The sky against the hill, they make their
way, delicate silhouettes, like rivers that
demarcate the edges of states,

like Grandmother Florence and her sisters,
Bertha at the end of the line, walking
into church. Heavy bodies, thin ankles, damp

from the walk downtown, solid shapes against
stained glass windows. They mark where
everything important meets. Then we sing..

Praise for Wild Mercy

WILD MERCY is nature and family -- a dovetail of relationships that merge and separate: girlhood to parenthood, to the frailties of age, and hospital rooms. Emerson's poetry awakens our memories of family, experience, loss. The first horse ride, a late pregnancy, an old barn, a river and a dance with I.V. in tow. Liberally sprinkled with unexpected images, these are lovely poems to savor and then read again.
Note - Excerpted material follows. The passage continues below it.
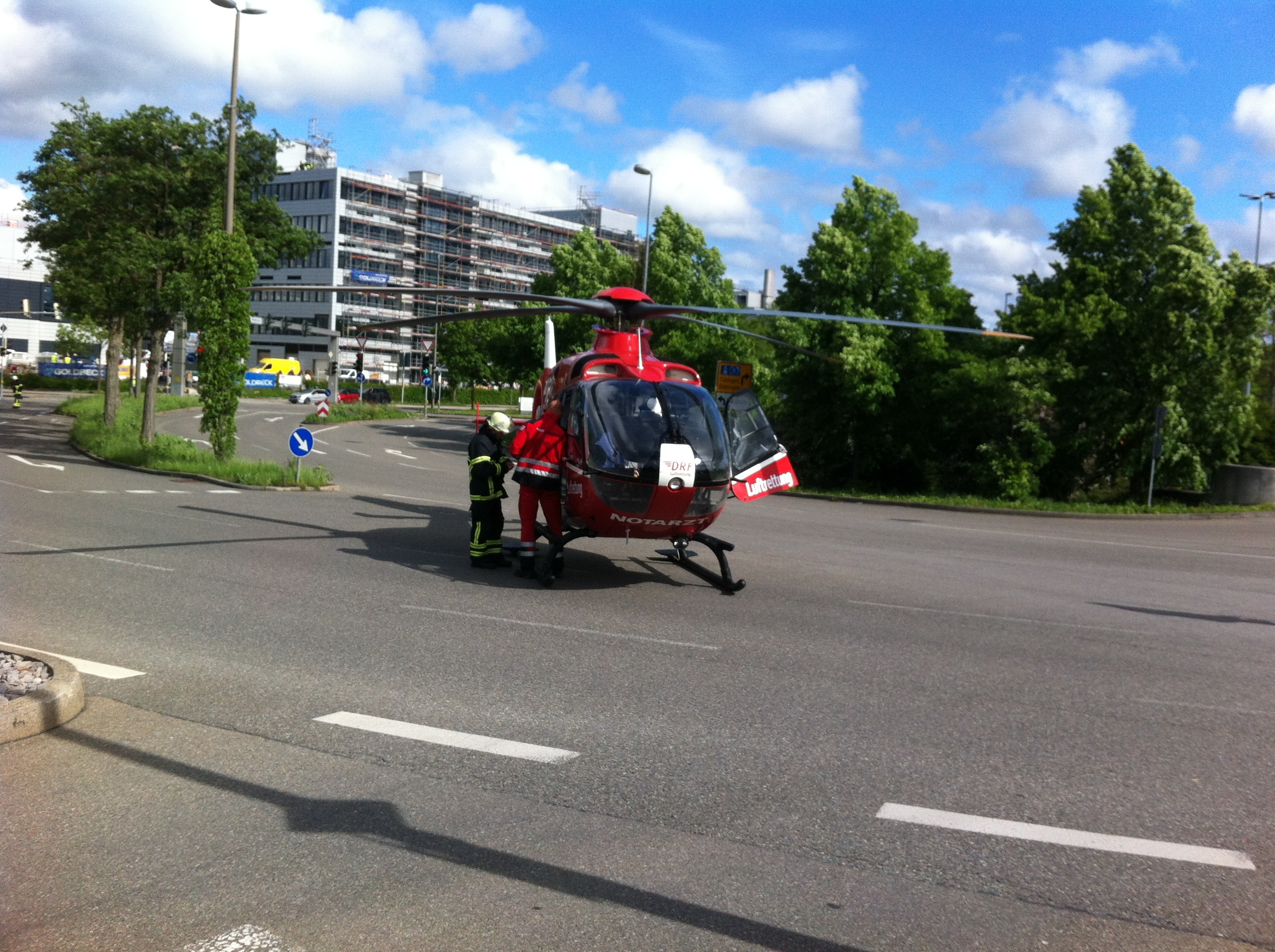 Sindelfingen: Rettungshubschrauber landet gegen 17 Uhr vor Tor 1 des Mercedes-Benz-Werks

CB Follett, author of And Freddie Was My Darling

Donna Emerson’s poems in Wild Mercy are like the Holstein heifers she describes making their way up and down the hill, delicate silhouettes, like rivers that demarcate the edges of states, like Grandmother Florence and her sisters…walking into church…solid shapes against stained glass windows. And like them, her poems mark where everything important meets.
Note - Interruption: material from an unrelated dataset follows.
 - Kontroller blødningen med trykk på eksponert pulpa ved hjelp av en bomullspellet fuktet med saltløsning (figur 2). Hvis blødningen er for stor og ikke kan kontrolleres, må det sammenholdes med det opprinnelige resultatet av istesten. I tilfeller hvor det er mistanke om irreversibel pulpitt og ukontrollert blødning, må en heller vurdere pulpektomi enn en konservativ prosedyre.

Ellen Bass, author of Mules of Love and The Human Line

In Wild Mercy, Emerson weaves the twin threads of bios and zoë: the life bound by time and mortality, and the life-force that is eternal, binding the generations, the living and the dead. Like its namesake river, Wild Mercy’s poems lead us from a child’s first world, brimming with numinous presences, to those moments of terrible and ineffable wonder that lie nearest grief, but just beyond our realm of knowing.

Terry Ehret, author of Lucky Break

Those of us blessed enough to hear Donna Emerson read her poems know how her soft voice delivers poetry of force. Wild Mercy, a fitting name for a collection of untamed vision and unapologetic empathy for both human and animal, signifies Emerson’s voice of might. While both imperative and valuable, Wild Mercy is a smoothly truthful examination of many of those rough and scratchy places: isolation, aging, illness, adolescence.
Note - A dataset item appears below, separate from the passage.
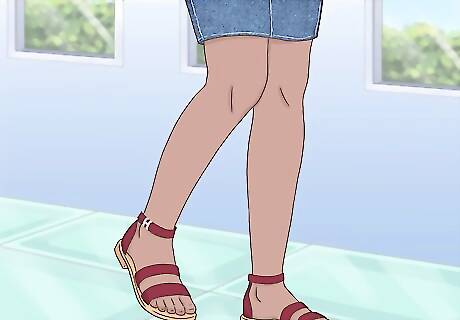Try sandals or flats for a casual look. As denim is generally more casual, sandals are appropriate footwear for the warmer months. During cooler months, a cute pair of flats can be paired with denim for a casual look. For example, wear a short denim skirt with a tank-top and sandals for a beach day.

Stefanie Freele, author of Feeding Strays; Fiction Editor, Los Angeles Review

Donna Emerson’s poems often seem simple, effortless – quiet meditations on life, people and places. But there’s an undercurrent, a swift-flowing stream that can sweep the reader right off her feet. In “Wild Mercy,” the poems tackle impermanence, illness, friendship, birth, and—in “The Wild Merced”—river as metaphor for civilization and what it has done to the wildness of the land. A favorite line in that poem: “Our relentless Lady of Mercy / offers none today…” This is a lovely book by a brilliant poet.